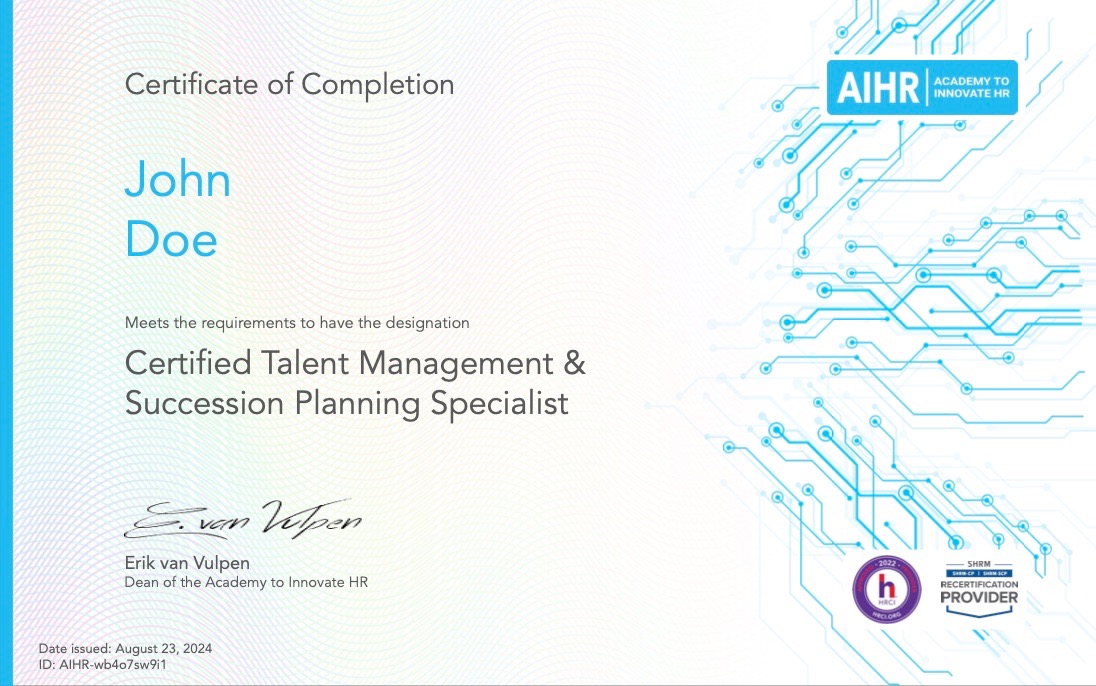 AIHR offers a Strategic Talent Acquisition Certificate Program that dives deeper into Talent Acquisition. This can be purchased separately, or you can get access to both programs and more with the Full Academy Access License.
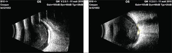 On ultrasound scan, in the lower inner quadrant at eight o'clock in the equatorial zone, a foreign structure was detected (size 1.4 x 1.5 mm; length 8.2 mm), changing position with eye movement. The retina was attached (Figure 1).
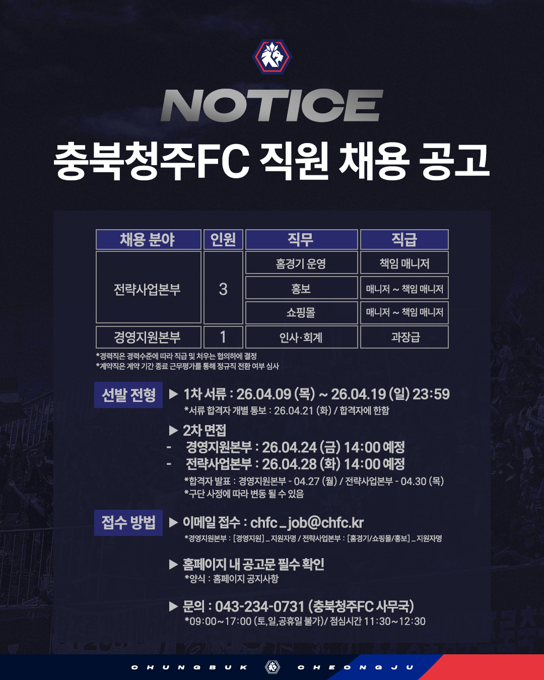 (주)충북청주프로축구단 사무국 직원 채용 공고
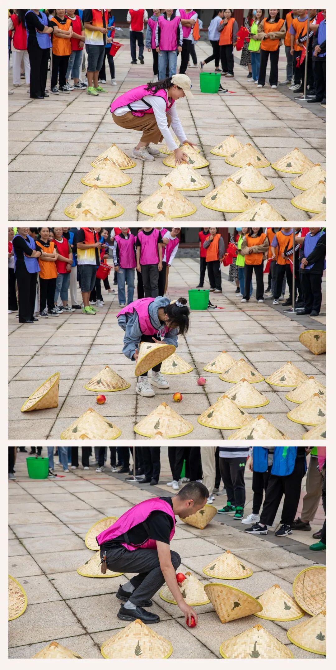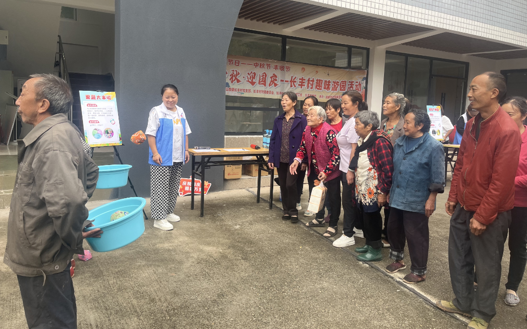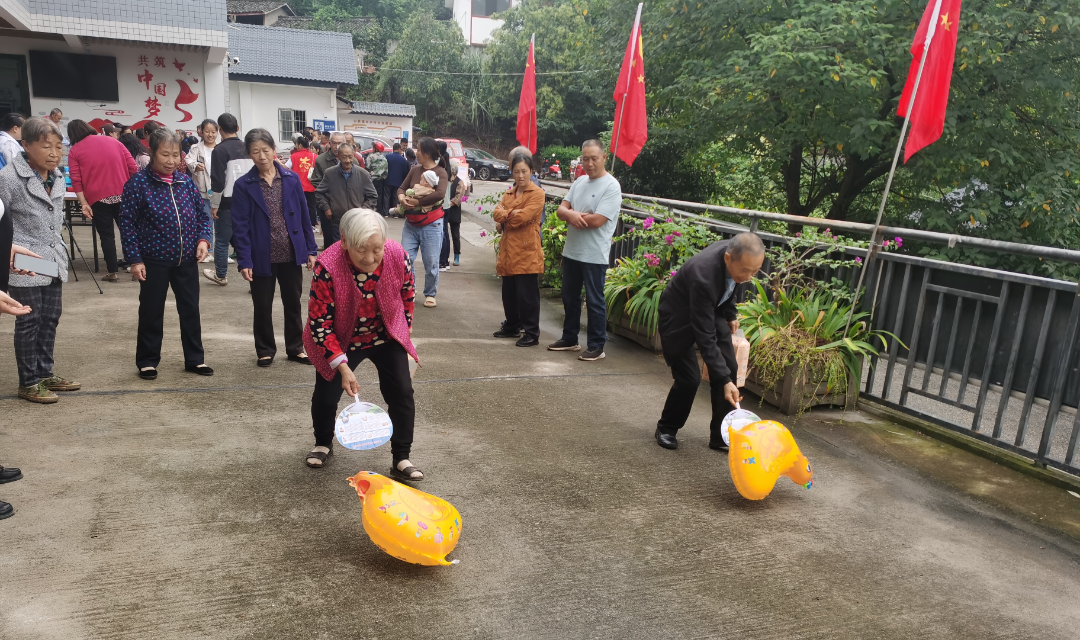 9月26日,长丰村开展“庆中秋·迎国庆”——游园活动,本次活动共设置了四个游戏项目,在巧走农田耕(趣味迷宫)这边,村民们捞起一颗乒乓球,在迷宫农田中“插秧”,体现了农民劳动的辛苦和收获的喜悦。在果蔬大丰收(背篓接绣球)这边,一位村民手持小沙包,一位村民背着小背篓,开始了他们的“采瓜果”之旅。在精准下秧苗(投壶)这边,村民争相登场一试身手,一支支箭飞向前方的壶,紧张刺激又充满乐趣。在“赶鸡入笼”这边,村民们将公鸡造型的气球用蒲扇赶进桶里,上演村民与“鸡”的你追我赶。现场掌声此起彼伏,村民们脸上洋溢着幸福的笑容。
━━━━━━━━━━
Exercise requirements =
Retype the line containing "(주)충북청주프로축구단 사무국 직원 채용 공고" and all lines after it to the end of the material, exactly as written, leaving out any pictures.

Problem solution =
 (주)충북청주프로축구단 사무국 직원 채용 공고
 9月26日,长丰村开展“庆中秋·迎国庆”——游园活动,本次活动共设置了四个游戏项目,在巧走农田耕(趣味迷宫)这边,村民们捞起一颗乒乓球,在迷宫农田中“插秧”,体现了农民劳动的辛苦和收获的喜悦。在果蔬大丰收(背篓接绣球)这边,一位村民手持小沙包,一位村民背着小背篓,开始了他们的“采瓜果”之旅。在精准下秧苗(投壶)这边,村民争相登场一试身手,一支支箭飞向前方的壶,紧张刺激又充满乐趣。在“赶鸡入笼”这边,村民们将公鸡造型的气球用蒲扇赶进桶里,上演村民与“鸡”的你追我赶。现场掌声此起彼伏,村民们脸上洋溢着幸福的笑容。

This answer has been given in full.